Fault Detection Approach Based on Weighted Principal Component Analysis Applied to Continuous Stirred Tank Reactor
Shanmao Gu*, Yunlong Liu, Ni Zhang, De Du
Identifiers and Pagination:Year: 2015
First Page: 966
Last Page: 972
Publisher Id: TOMEJ-9-966
Article History:Received Date: 17/02/2014
Revision Received Date: 21/03/2015
Acceptance Date: 09/06/2015
Electronic publication date: 7/10/2015
Collection year: 2015
open-access license: This is an open access article distributed under the terms of the Creative Commons Attribution 4.0 International Public License (CC-BY 4.0), a copy of which is available at: (https://creativecommons.org/licenses/by/4.0/legalcode). This license permits unrestricted use, distribution, and reproduction in any medium, provided the original author and source are credited.
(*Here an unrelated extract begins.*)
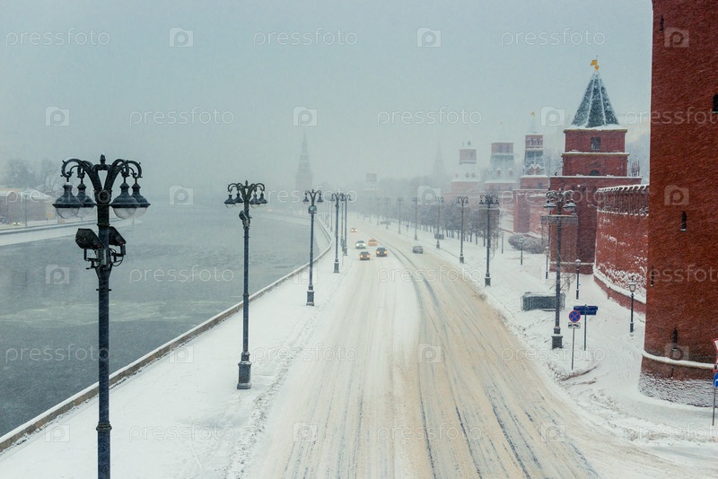 Снежная буря в городе Москве, дорога у стен Кремля, вид на зимний город, Россия

Fault detection approach based on principal component analysis (PCA) may perform not well when the process is time-varying, because it can cause unfavorable influence on feature extraction. To solve this problem, a modified PCA which considering variance maximization is proposed, referred to as weighted PCA (WPCA). WPCA can obtain the slow features information of observed data in time-varying system. The monitoring statistical indices are based on WPCA model and their confidence limits are computed by kernel density estimation (KDE). A simulation example on continuous stirred tank reactor (CSTR) show that the proposed method achieves better performance from the perspective of both fault detection rate and fault detection time than conventional PCA model.